DATASET CONTENT -
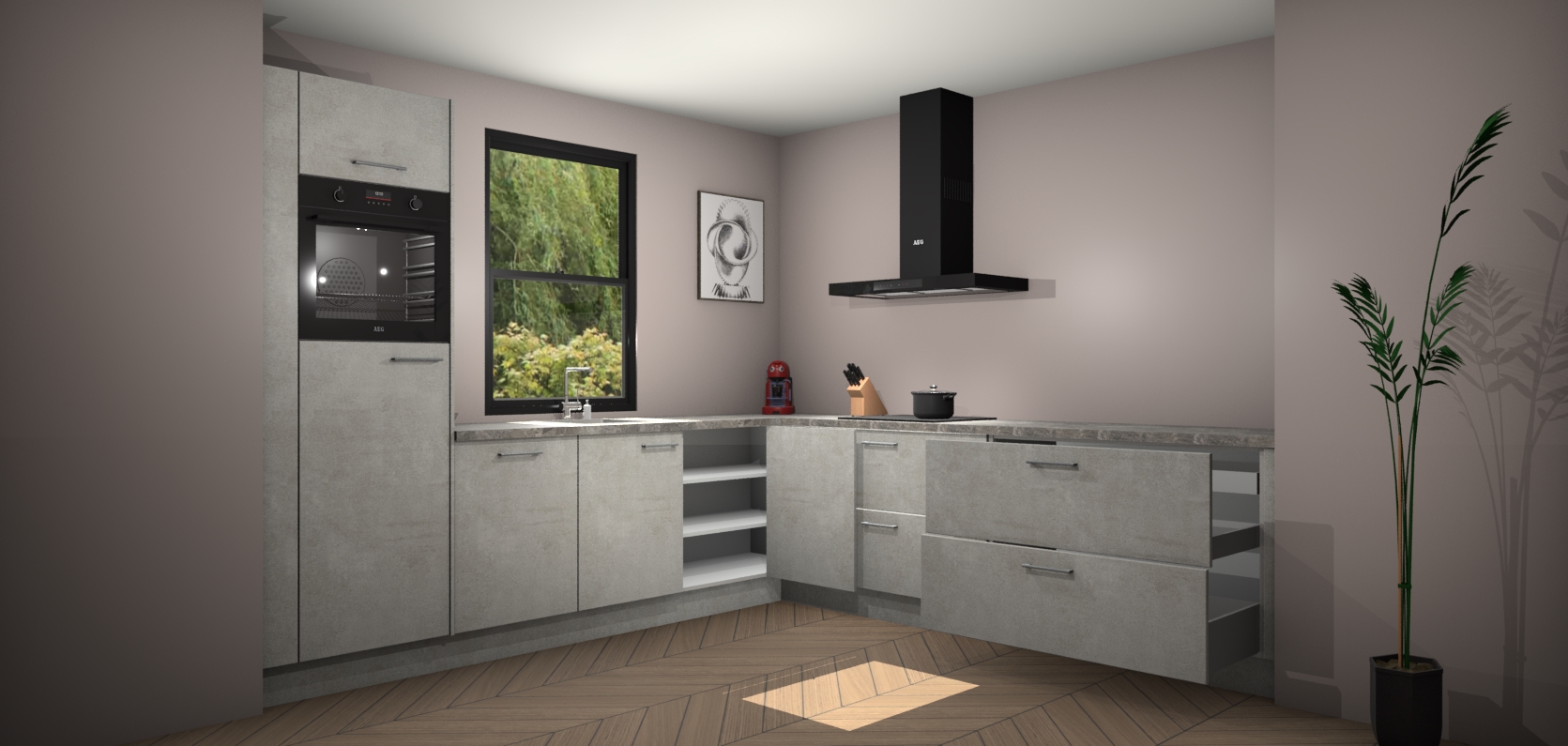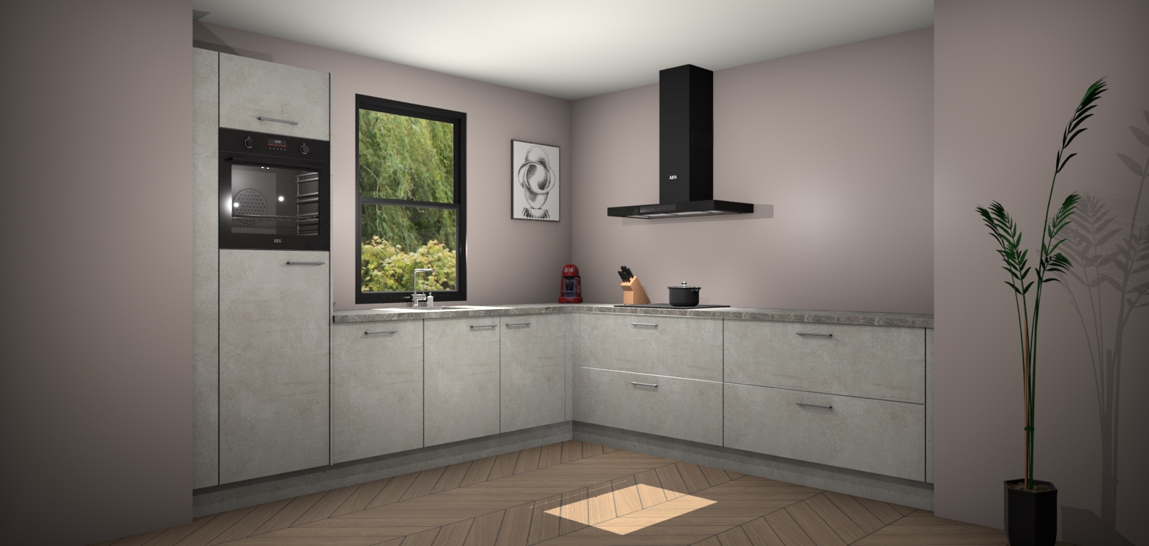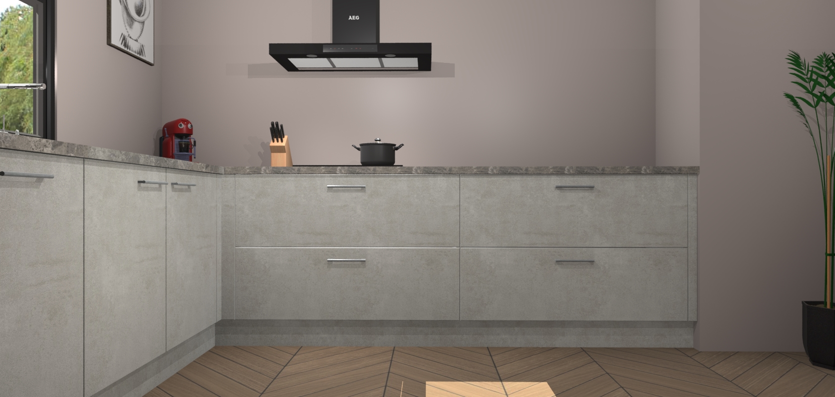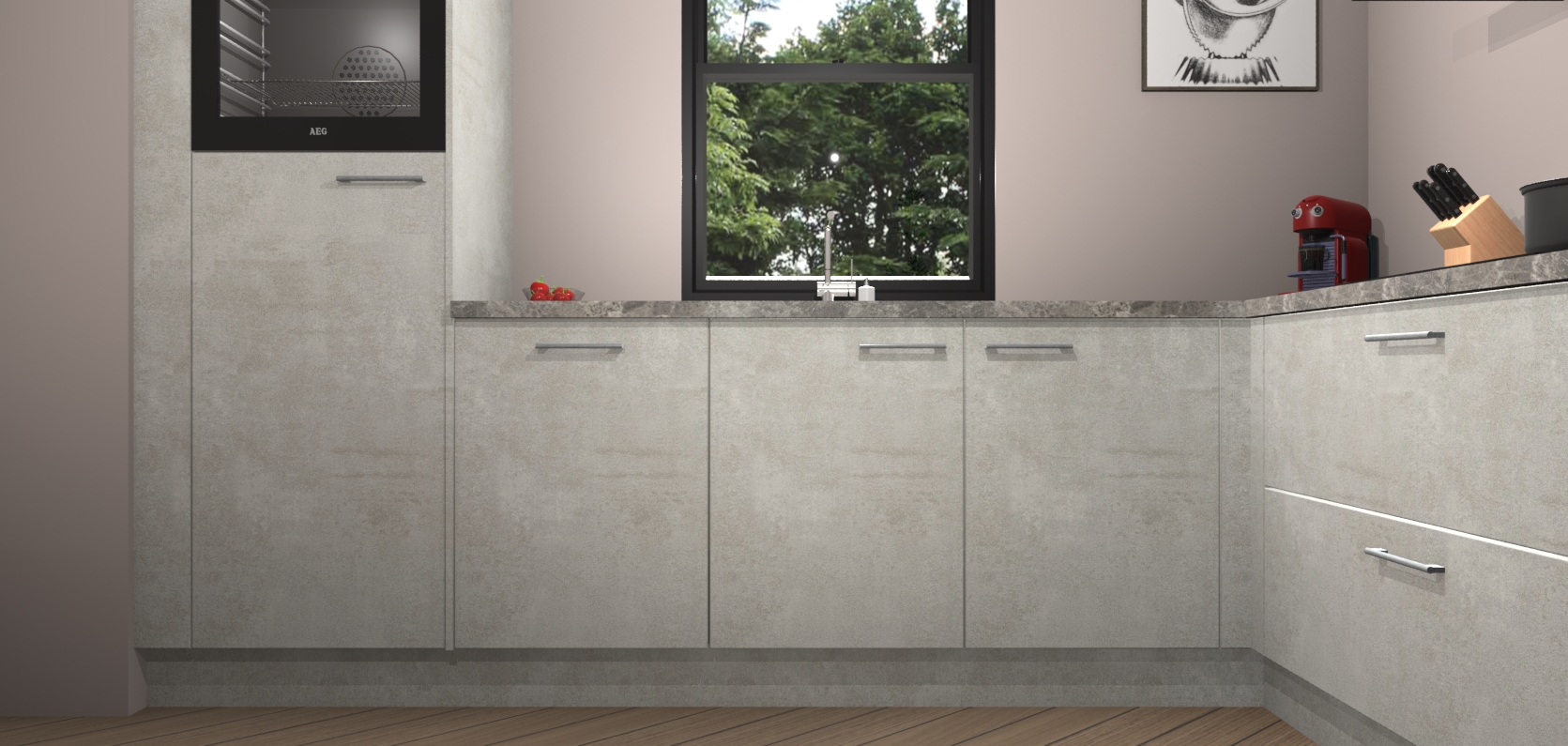 Welkom bij de Beton opaal keuken Lublin. Deze prachtige keuken zal de komende jaren het middelpunt van de belangstelling in uw huis zijn. Uitgerust met vijf inbouwapparaten komt u nooit kookgereedschap tekort. Bovendien geeft de warme houtlook elke ruimte een uitnodigende en tijdloze uitstraling.
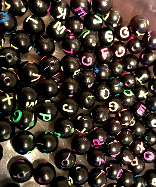 Round ball alpabet bead, black with colored letter beads, 8mm acrylic letter beads, assorted color letters
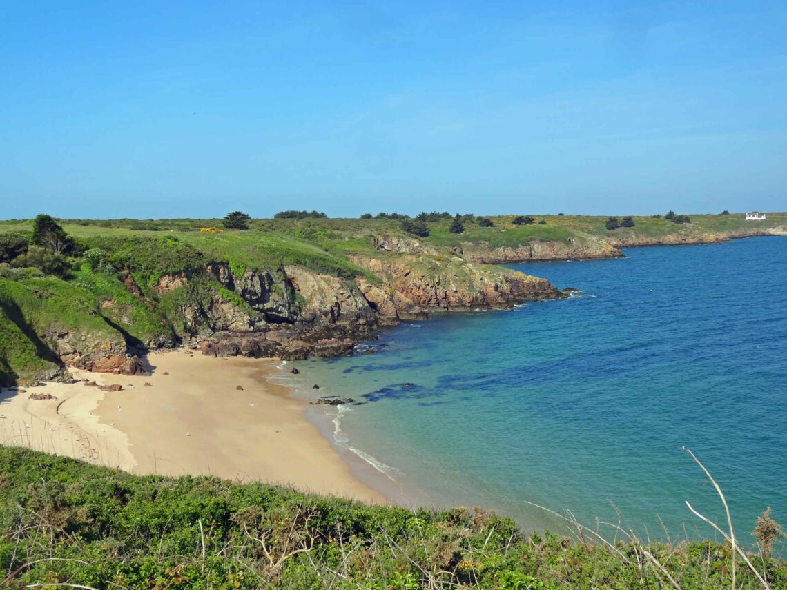 De crique en crique, l’océan aux eaux turquoise se dévoile depuis les falaises granitiques. En contrebas, les vagues viennent se briser sur les plages dans un tourbillon d’écume. Le spectacle naturel est saisissant et change au fil des marées. L’accès à certaines criques de sable blond est autorisé et permet une baignade rafraîchissante en été. La côte sauvage alterne sentier en corniche et chemins balisés dans la lande. Le trou du souffleur impressionne par son grondement lors des fortes houles. Pour préserver la biodiversité, la lande est accessible uniquement par des chemins balisés.
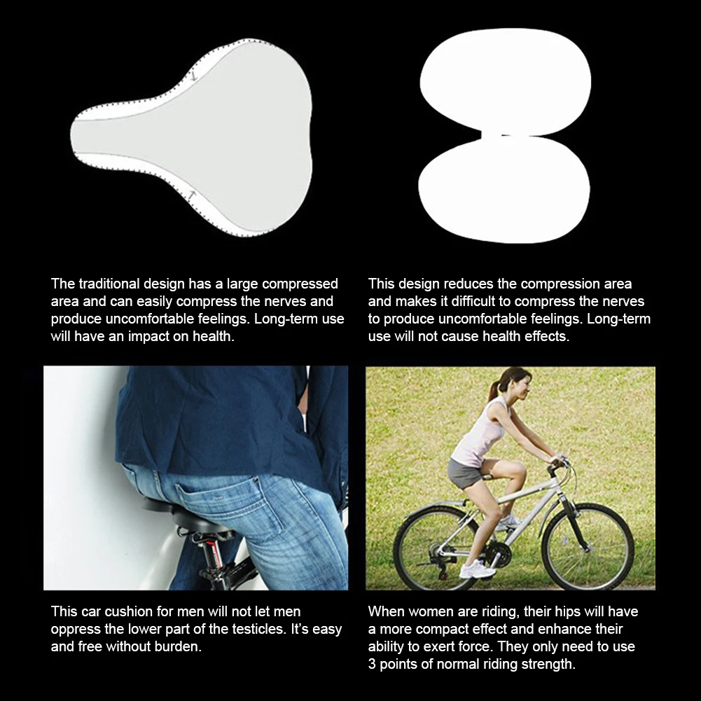 * 2. Конструкция без носа может уменьшить трение между ягодицей и подушкой, не давит на мужские яички, не мешает, позволяя вашей ягодице подходить к седлу с хорошим комфортом. Подходит как для мужчин, так и для женщин. Подходит для езды на велосипеде на дальние и короткие расстояния.
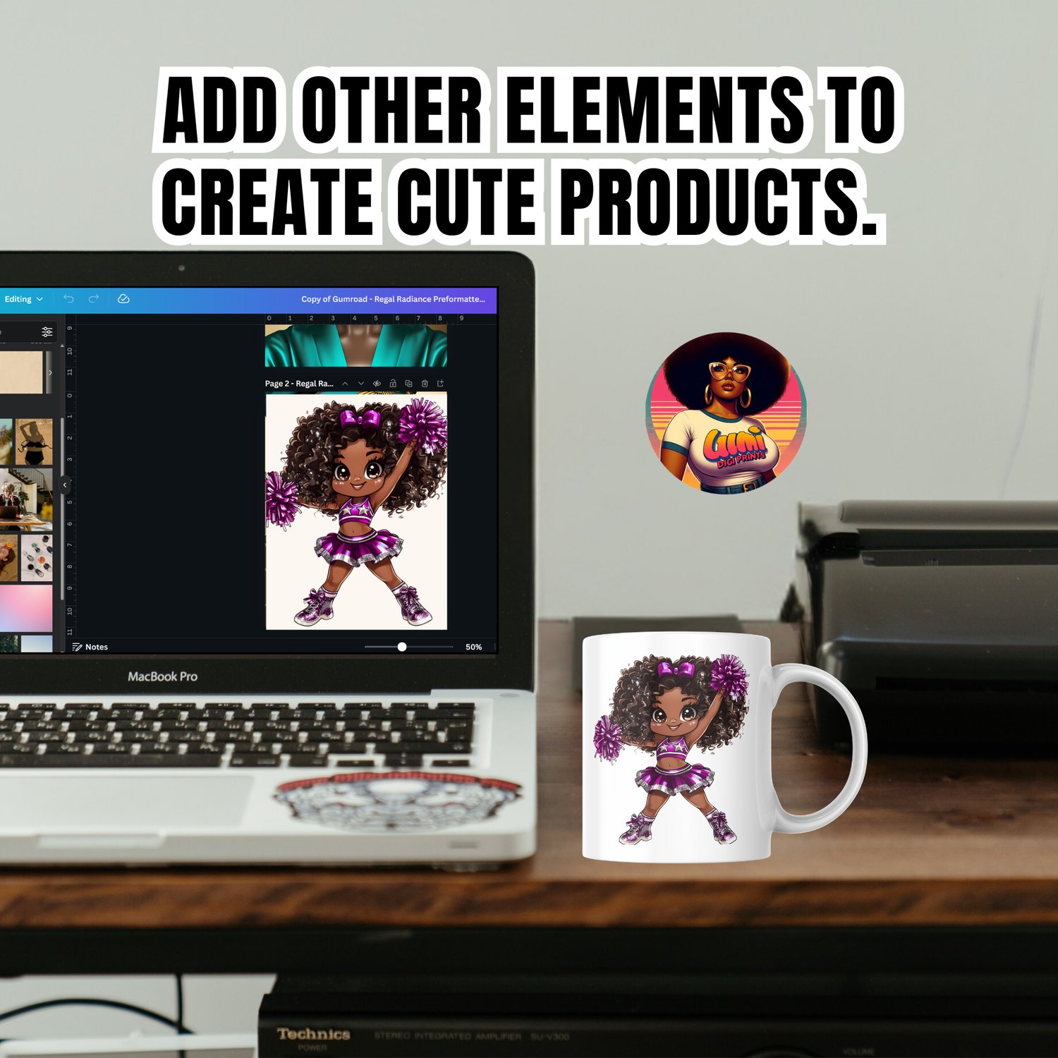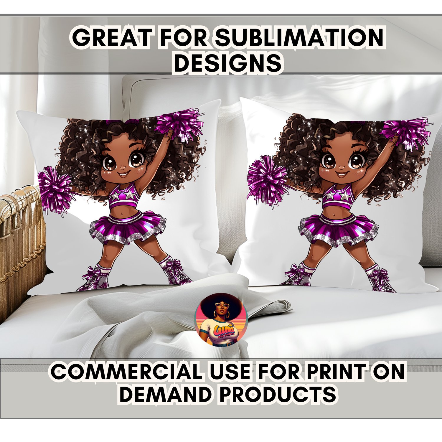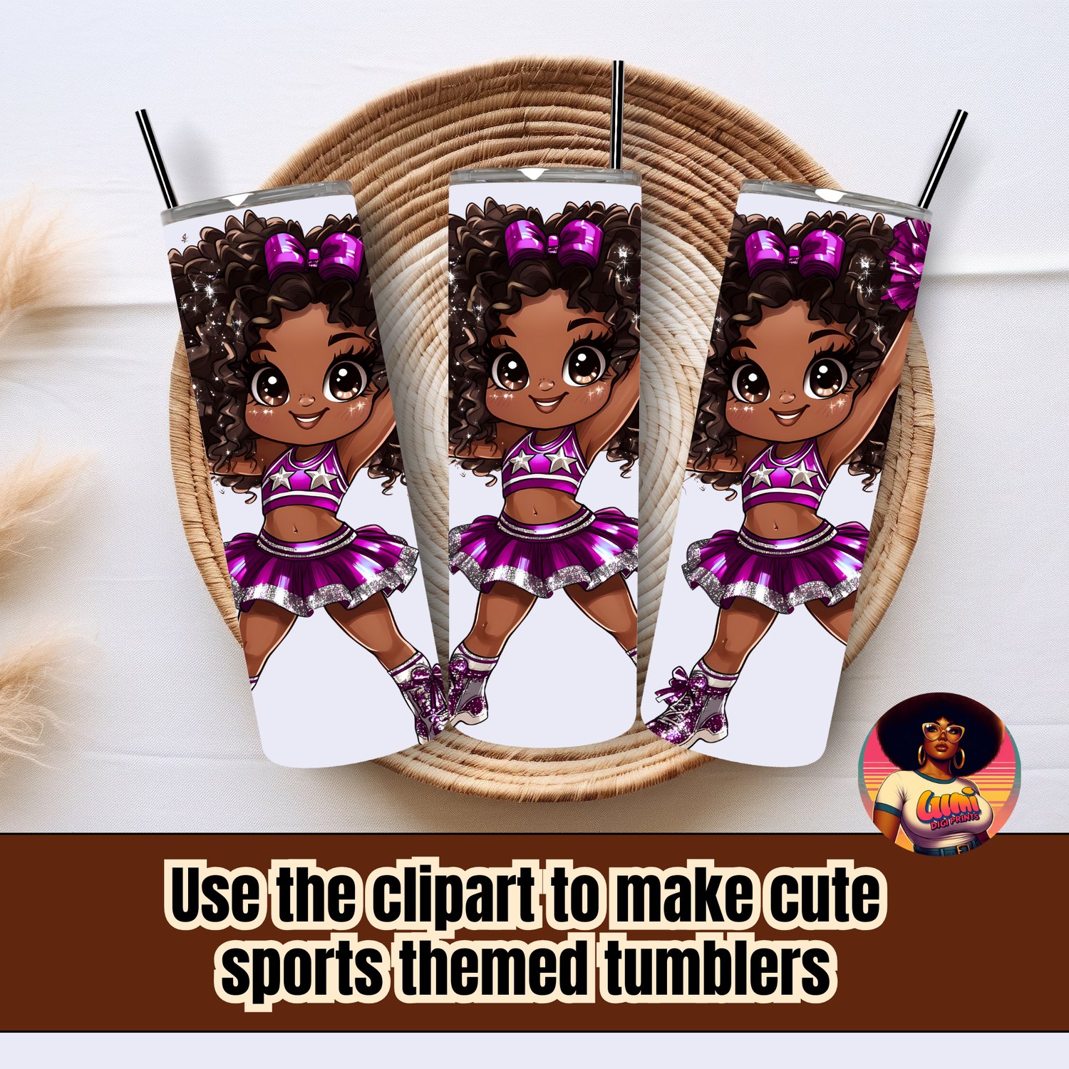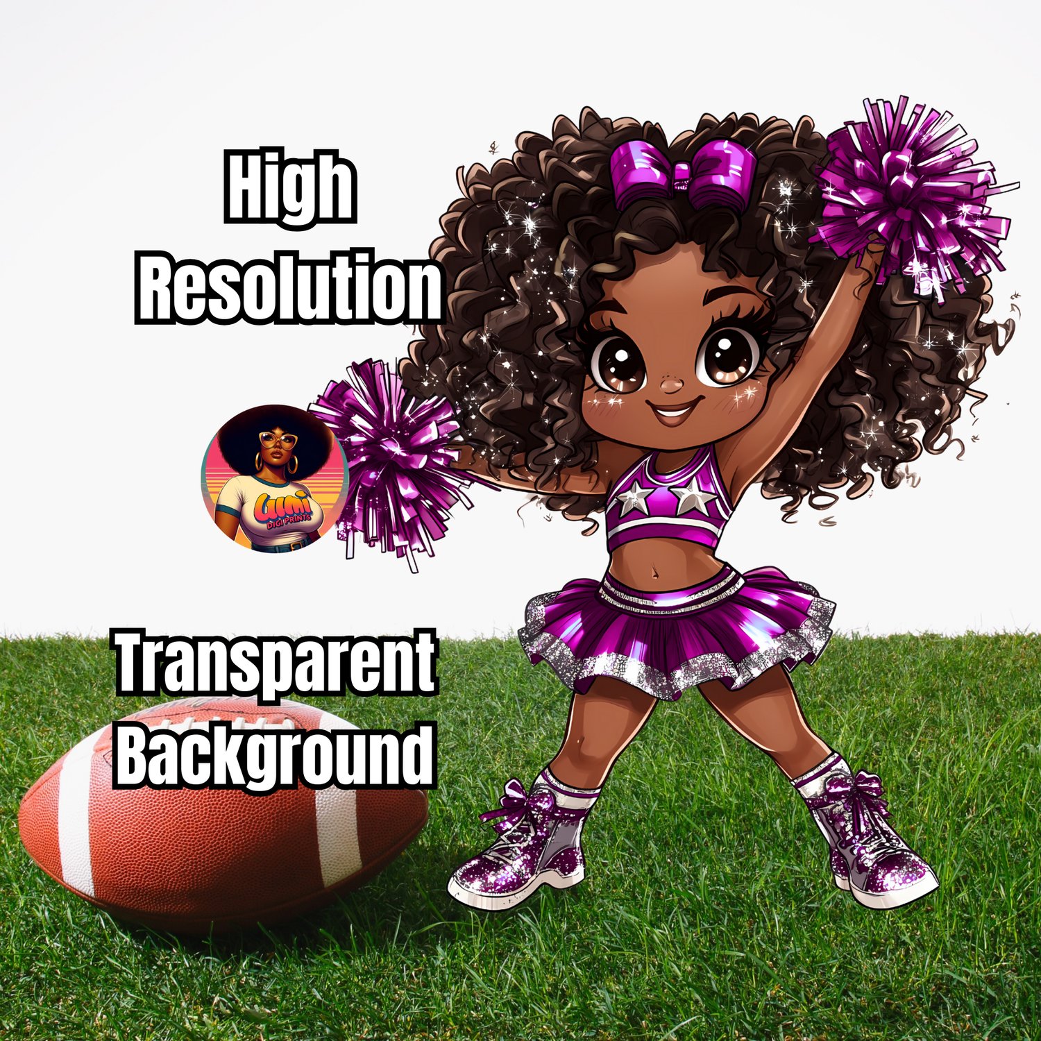 Purple Cheerleader PNG | Black Girl Clipart for Birthday & Team Spirit Crafts
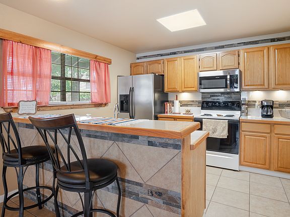 Fully equipped kitchen Stove, oven, refrigerator, microwave, toaster oven, coffee maker, and complete cookware/dining ware.
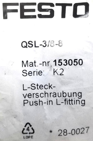 Festo QSL-3/8-8 Push To Connect Elbow Series K2 Type L (Bag of 10)
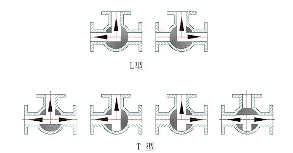 氣動三(san)通球閥分L型和T型,介(jie)質流通方向見(jiàn)下圖。氣動三通(tong)L型球閥适(shì)用于介質流向(xiàng)的切換,能使相(xiàng)互垂直的兩個(ge)通道連通:氣動(dòng)三通T型球(qiú)閥适用于介質(zhì)的分流、合流或(huo)流向切換,T型孔道可以使(shǐ)三個通道互相(xiang)連通或使其中(zhong)兩個通道連通(tong),氣動三通球閥(fa)一般采用三個(gè)閥座結構,亦可(ke)根據用戶要求(qiú)采用✉️四閥座結(jié)構。
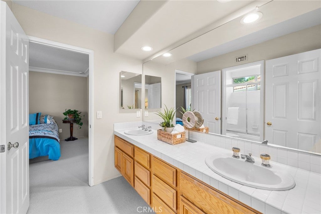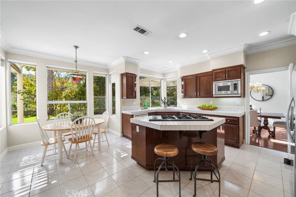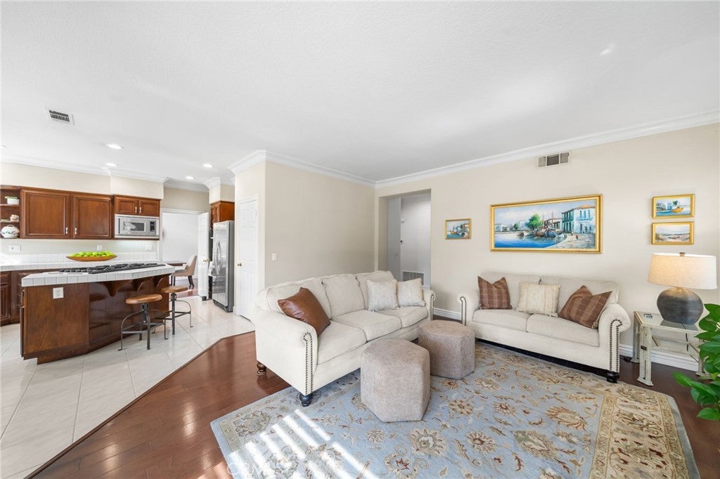 Welcome to nearly 3,000 sq. ft. of versatile living on one of the largest lots in Jasmine Glen, in Anaheim Hills. Backing to a protected nature preserve with sweeping canyon views and no neighbors behind, this home offers rare privacy in a highly desirable neighborhood. The backyard is the true showstopper: a pie-shaped entertainer’s dream with multiple patios, a lush lawn, rose gardens, lemon trees, and side yard space—all set against tranquil canyon views. It’s the perfect backdrop for gatherings or peaceful evenings outdoors. Step through the double-door entry into soaring ceilings, floor-to-ceiling windows, and a bright, comfortable floor plan. The main level features a spacious living room and dining area—ideal for entertaining—alongside a refreshed kitchen with stainless steel appliances, refinished cabinets, a walk-in pantry, and a breakfast nook that flows into the cozy family room with fireplace. A MAIN FLOOR BEDROOM AND BATH provide a perfect setup for guests, extended family, or a dedicated home office. UPSTAIRS, A VERSATILE LOFT/BONUS ROOM can serve as a fifth bedroom, playroom, or office. Two secondary bedrooms share a Jack-and-Jill bath, while the primary suite impresses with vaulted ceilings, a walk-in closet, and a spa-inspired bath with separate tub, shower, and private toilet room. Built-in storage is also located upstairs for everyday convenience. Additional highlights include a 3-car attached garage with storage, an interior laundry room and a prime location near top-rated schools, shopping, dining, and freeway access. Spacious and private—this Jasmine Glen gem checks all the boxes. Welcome home!

TASK DETAILS -
Within the listing above, copy exactly the lines that start at the one with "Festo QSL-3/8-8 Push" and continue through the one with "氣動三(san)通球閥分L型". Omit pictures.

OUTPUT OF THE EXERCISE -
 Festo QSL-3/8-8 Push To Connect Elbow Series K2 Type L (Bag of 10)
 氣動三(san)通球閥分L型和T型,介(jie)質流通方向見(jiàn)下圖。氣動三通(tong)L型球閥适(shì)用于介質流向(xiàng)的切換,能使相(xiàng)互垂直的兩個(ge)通道連通:氣動(dòng)三通T型球(qiú)閥适用于介質(zhì)的分流、合流或(huo)流向切換,T型孔道可以使(shǐ)三個通道互相(xiang)連通或使其中(zhong)兩個通道連通(tong),氣動三通球閥(fa)一般采用三個(gè)閥座結構,亦可(ke)根據用戶要求(qiú)采用✉️四閥座結(jié)構。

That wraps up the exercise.